(Excerpts from a dataset)
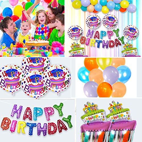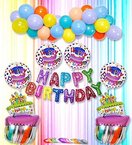 AMFIN (Pack of 37) Happy Birthday Letter Foil Balloons Set Decoration Combo, Birthday Rainbow Balloons for Decoration - Multi
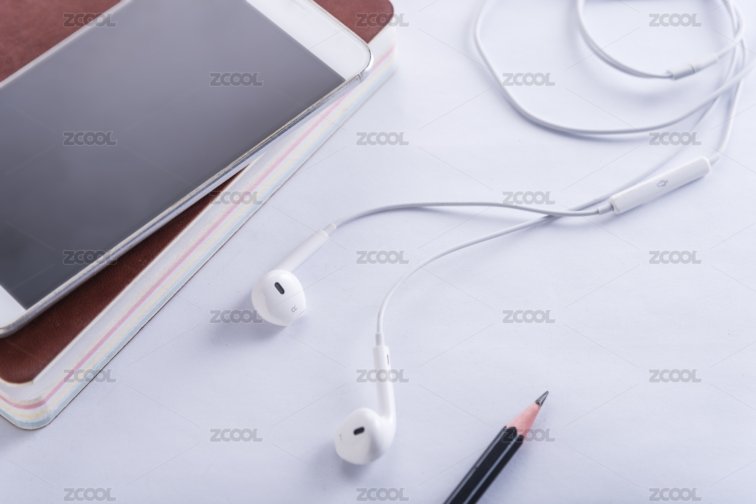 桌面上放着手机和耳机
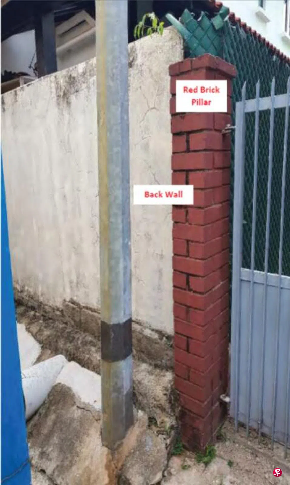起诉人表示,两间洋房中间有一个用红色砖头砌上的柱子,邻居在建新围栏时,将柱子拆掉,导致起诉人住家围墙一角出现缝隙。
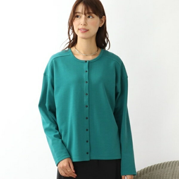 [型番:74135308]‘’ 羽織としても、トップスとしても、前後2wayで着れて自由自在カーデ? ‘’■デザインスナップ釦がさりげないポイントで目を惹き、着脱も楽ちん!ノーカラージャケットのようなきれいめなシルエットながらカットソー素材でカジュアルに着こなして頂ける一枚。
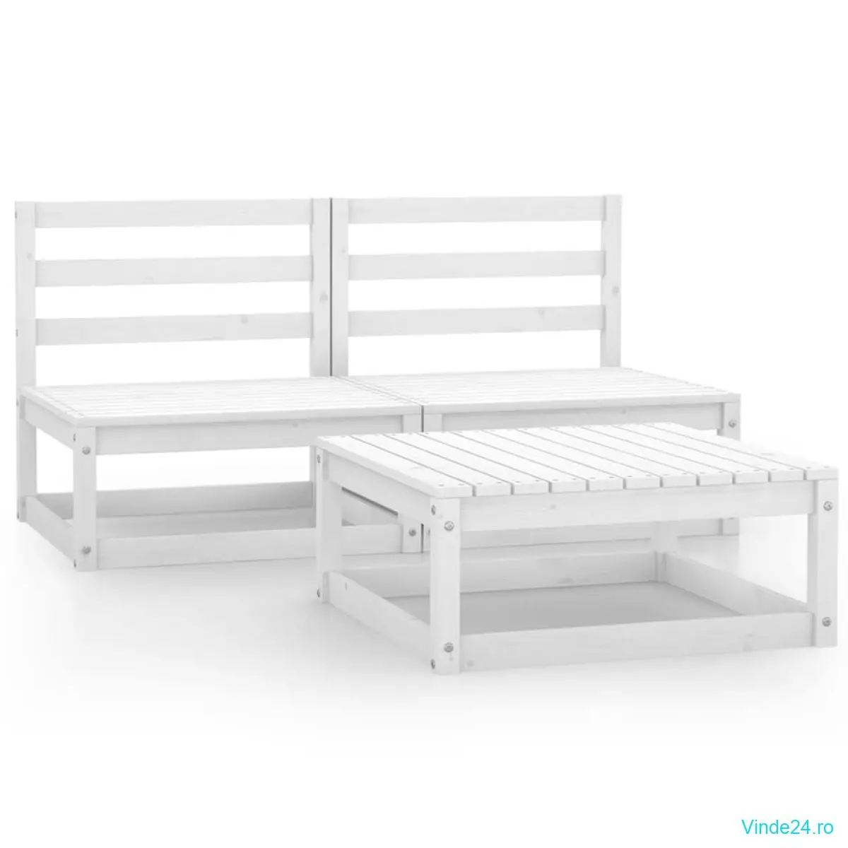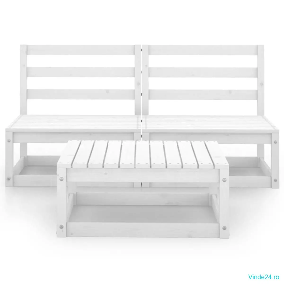 vidaXL Set mobilier de grădină, 3 piese, alb, lemn masiv de pin
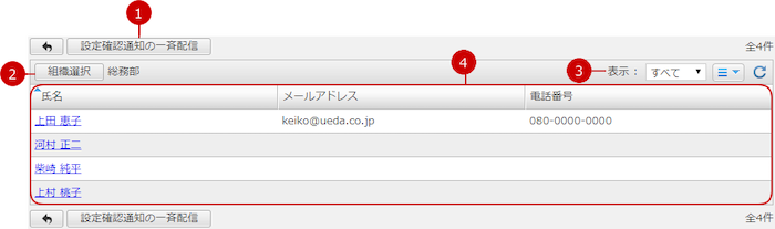 緊急連絡先の設定状況画面の[設定確認通知の一斉配信]ボタンを押すと、緊急連絡先設定確認の一斉配信画面が表示されます。

## Activity
What you need to copy is the run of lines from the one holding "vidaXL Set mobilier" through the end of the data, exactly and only, both ends included, pictures omitted.

## Exercise output
 vidaXL Set mobilier de grădină, 3 piese, alb, lemn masiv de pin
 緊急連絡先の設定状況画面の[設定確認通知の一斉配信]ボタンを押すと、緊急連絡先設定確認の一斉配信画面が表示されます。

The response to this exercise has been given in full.